Note: this library expects that the inputs are pure Python lists, not NumPy arrays; it may silently fail (producing nonsensical results) if passed NumPy arrays.

Since A is an underdetermined system, you can try using numpy's implementation of least squares.

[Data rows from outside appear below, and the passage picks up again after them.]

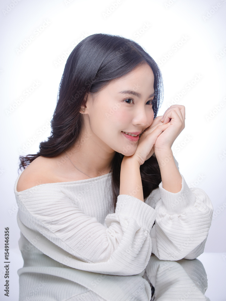 Portrait happy cheerful young asian beautiful woman clean fresh skin, showcasing healthy and wellness smile look at camera on white background Ideal facial skincare glowing beauty treatment promotions
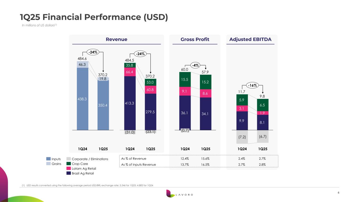 Consolidated Results (USD) 1Q24 1Q25 Chg. % (in millions of US dollars) Revenue by Segment 484.6 370.2 (24%) Brazil Ag Retail 413.3 279.5 (32%) Latam Ag Retail 66.4 60.8 (8%) Crop Care 35.8 53.0 48% Intercompany eliminations (31.0) (23.1) Revenue by Category 484.6 370.2 (24%) Inputs revenue 438.3 350.4 (20%) Grains revenue 46.3 19.8 (57%) Gross Profit 60.1 57.9 (4%) Brazil Ag Retail 36.1 34.1 (6%) Latam Ag Retail 9.1 8.6 (6%) Crop Care 15.5 15.2 (2%) Intercompany elim. (0.7) 0.0 Gross Margin 12.4% 15.6% 320 bps Brazil Ag Retail 8.7% 12.2% 350 bps Latam Ag Retail 13.8% 14.2% 40 bps Crop Care 43.3% 28.7% -1460 bps Gross Margin (% of Inputs revenue) 13.7% 16.5% 280 bps Brazil Ag Retail 9.7% 12.8% 310 bps Latam Ag Retail 15.2% 15.9% 70 bps Crop Care 43.3% 28.7% -1460 bps SG&A (excl. D&A) (55.3) (49.6) (10%) Other operating income (expense) 0.1 0.2 EBITDA 4.8 8.5 77% (+) Adjustment items 6.9 1.3 Adjusted EBITDA 11.7 9.8 (16%) Brazil Ag Retail 9.9 8.1 (17%) Latam Ag Retail 3.1 1.9 (40%) Crop Care 5.9 6.5 9% Corporate & Intercompany elim. (7.2) (6.7) Adjusted EBITDA Margin % 2.4% 2.7% 20 bps Adjusted EBITDA Margin (% of Inputs) 2.7% 2.8% 10 bps Share of profit of an associate (0.2) 1.8 D&A (incl. PPA amortization) (10.3) (7.9) Finance income (costs) (26.4) (34.2) Income taxes, current and deferred 17.5 (16.4) Profit (loss) (14.5) (48.2) (+) Adjustment items 8.7 (0.6) (+) Income tax impact of adjustments (3.0) 0.2 Adjusted Profit/Loss (8.8) (48.5)
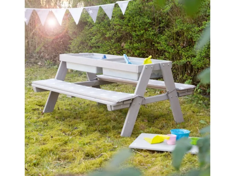 Robuste, wetterfeste Sitzgarnitur in Grau aus Massivholz für Kinder von 12 Monaten bis 8 Jahren

X = np.linalg.lstsq(A, B)[0]
AX = A @ X

tol = 1e-9 # clean up some very small floats
AX = np.where(AX < tol, 0, AX)

print(AX)

# [[1. 1. 0. 0. 0. 0. 0. 0. 0. 0. 0. 0.]
#  [0. 1. 1. 0. 0. 0. 0. 0. 0. 0. 0. 0.]
#  [0. 0. 1. 1. 0. 0. 0. 0. 0. 0. 0. 0.]
#  [0. 0. 0. 1. 1. 0. 0. 0. 0. 0. 0. 0.]
#  [0. 0. 0. 0. 1. 1. 0. 0. 0. 0. 0. 0.]
#  [0. 0. 0. 0. 0. 1. 1. 0. 0. 0. 0. 0.]
#  [0. 0. 0. 0. 0. 0. 1. 1. 0. 0. 0. 0.]
#  [0. 0. 0. 0. 0. 0. 0. 1. 1. 0. 0. 0.]
#  [0. 0. 0. 0. 0. 0. 0. 0. 1. 1. 0. 0.]
#  [0. 0. 0. 0. 0. 0. 0. 0. 0. 1. 1. 0.]
#  [0. 0. 0. 0. 0. 0. 0. 0. 0. 0. 1. 1.]]

However, the X you get this way is not a "nice" one, with row swaps.

Since it is an under-determined system, it may have infinitely many solutions.